DATA BLOCK Start Marker
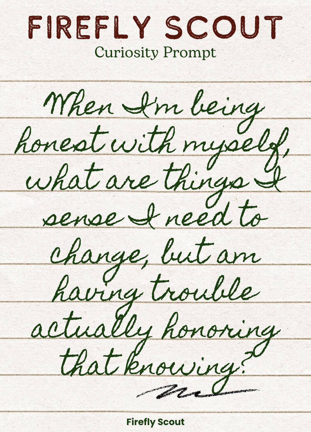 - When I'm being honest with myself, what are things I sense I need to change, but am having trouble actually honoring that knowing?
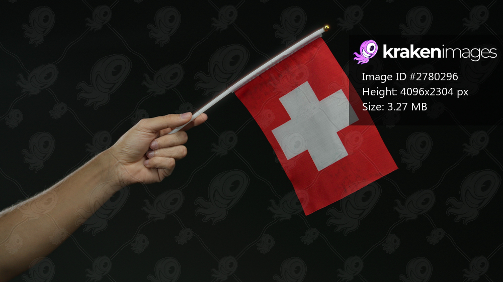 Man holding swiss flag against black background with focus on hand and isolated environment, highlighting swiss culture and national identity
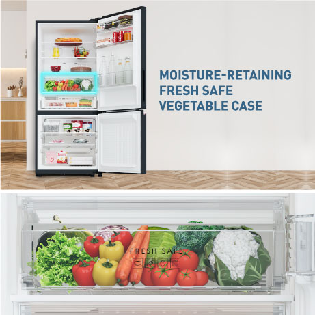 Avoid the bend-and-pain routine with the bottom-mount freezer design which creates space for vegetables in the upper section itself. This lets you access your veggies without requiring you to bend down to access the vegetable tray every time.
DATA BLOCK End Marker
** TASK PROMPT **
Without the pictures, repeat the line with "Man holding swiss" and every line after it to the end of the listing, and nothing else.

** OUTPUT BELOW **
 Man holding swiss flag against black background with focus on hand and isolated environment, highlighting swiss culture and national identity
 Avoid the bend-and-pain routine with the bottom-mount freezer design which creates space for vegetables in the upper section itself. This lets you access your veggies without requiring you to bend down to access the vegetable tray every time.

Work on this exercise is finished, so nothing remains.